The finals are labeled that way because they mark the last competitions in individual event Diamond Races, accumulation points standings that determine season-long champions.

The Diamond League finals provide double the points than the previous Diamond League meets. That means first place in Zurich awards eight points, second place gets four points and third place two points.

Each of the 32 individual event Diamond Race winners receive $40,000 and a Diamond Trophy. Half of the Diamond Races conclude in Zurich. The other 16 conclude in Brussels.

In Zurich, 14 of the 16 Diamond Races are still in play. Only LaShawn Merritt (400m) and Sandra Perkovic (discus) have their titles already clinched, so long as they show up in Switzerland.

The rest of the events are headlined by Allyson Felix and David Rudisha with Universal Sports and UniversalSports.com coverage starting at 2 p.m. ET. Don’t forget Tyson Gay and Asafa Powell racing in the 100m, a non-Diamond Race event.

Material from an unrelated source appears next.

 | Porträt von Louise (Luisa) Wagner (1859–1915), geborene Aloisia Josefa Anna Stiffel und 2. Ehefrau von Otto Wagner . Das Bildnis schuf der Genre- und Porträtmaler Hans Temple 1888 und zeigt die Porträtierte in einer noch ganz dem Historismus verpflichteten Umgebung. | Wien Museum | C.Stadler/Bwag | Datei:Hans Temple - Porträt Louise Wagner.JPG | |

Here are five Diamond Races to watch in Zurich:

Men’s triple jump — 2 p.m. ET

Standings
1. Will Claye (USA) — 14 points
2. Christian Taylor (USA) — 12 points

The Americans who went one-two at the London Olympics will do battle for another title in Zurich. This time, London silver medalist Claye is in the driver’s seat.

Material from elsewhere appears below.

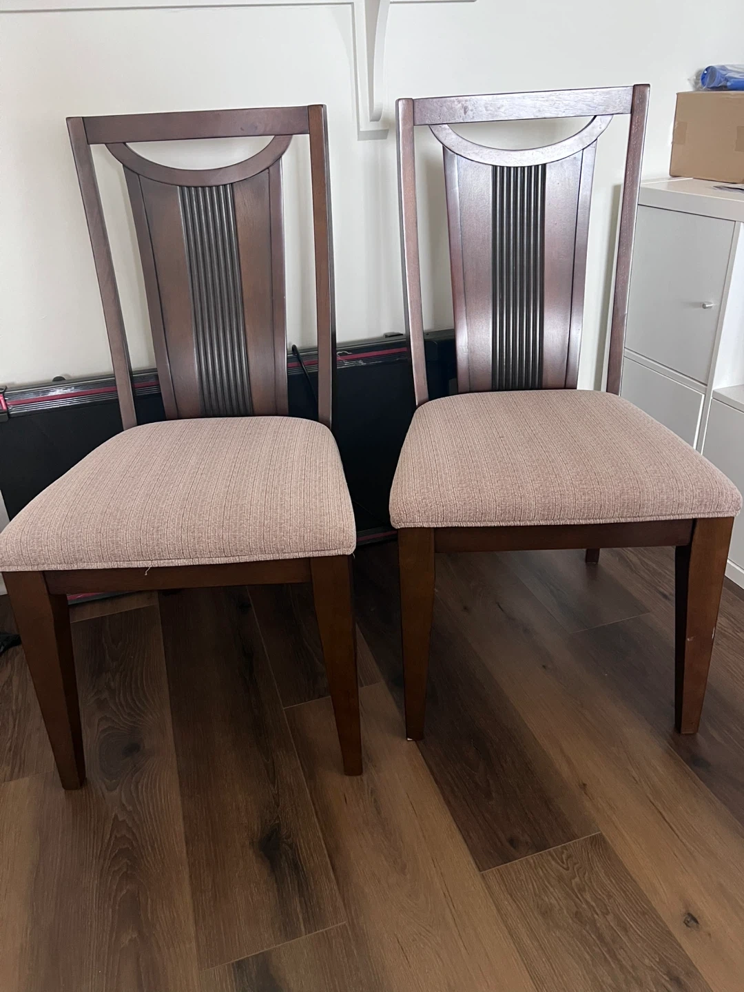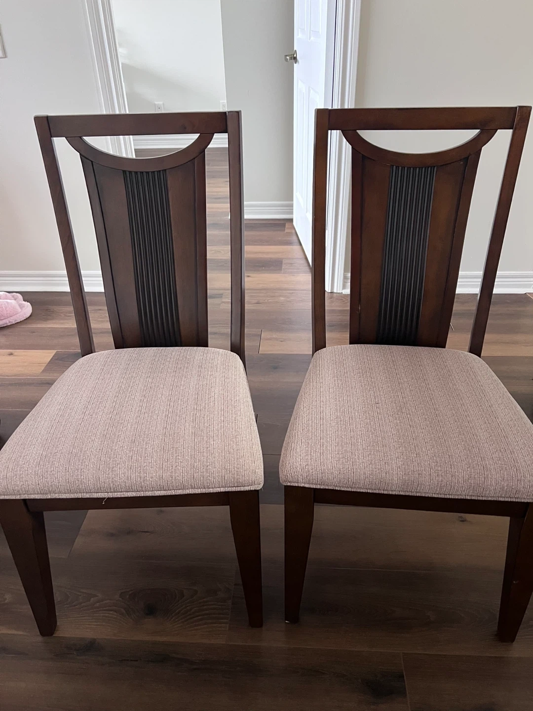 These dining chairs feature a rich brown wood frame and upholstered seats in a neutral fabric. They're comfortable and sturdy for everyday use. Their classic design fits well with many dining room styles.

Claye has had a better season than Taylor, leaping personal bests 17.66m in May and 17.75m in June, the latter winning the U.S. Championships in Sacramento, Calif. Claye celebrated that jump, while wearing a backwards cap, by running into the stands.

But Taylor, who opened his season running 400m races, won the last Diamond League triple jump in Glasgow, Scotland, on July 12. Claye was second there. If that result repeats in Zurich, Taylor will claim the Diamond Race title.

Women’s 1500m — 2:38

Standings
1. Abeba Aregawi (SWE) — 12 points
2. Sifan Hassan (NED) — 10 points
3. Jenny Simpson (USA) — 9 points

Simpson, the 2011 World champion, is having the best season of her career. She’s gone under her previous personal best twice, including a 3:57.22 in Paris on July 5. Then she beat the Ethiopian-born Aregawi and Hassan, along with Genzebe Dibaba, in Stockholm on Thursday.

That victory put Simpson in control of her own destiny in Zurich. Win, and she takes the Diamond Race. If she finishes second, she can also capture the season title if Aregawi doesn’t finish first or third and Hassan doesn’t win.

Women’s 100m — 2:59

Standings
1. Kerron Stewart (JAM) — 7 points
2. Murielle Ahoure (CIV) — 3 points
3. Veronica Campbell-Brown (JAM) — 2 points
3. Blessing Okagbare (NIG) — 2 points
3. Myriam Soumare (FRA) — 2 points

Few could have predicted how this event would play out this season. Olympic and World champion Shelly-Ann Fraser-Pryce prevailed in the opener in Doha but hasn’t won since and isn’t in the Zurich field after scratching the Birmingham 100m on Sunday.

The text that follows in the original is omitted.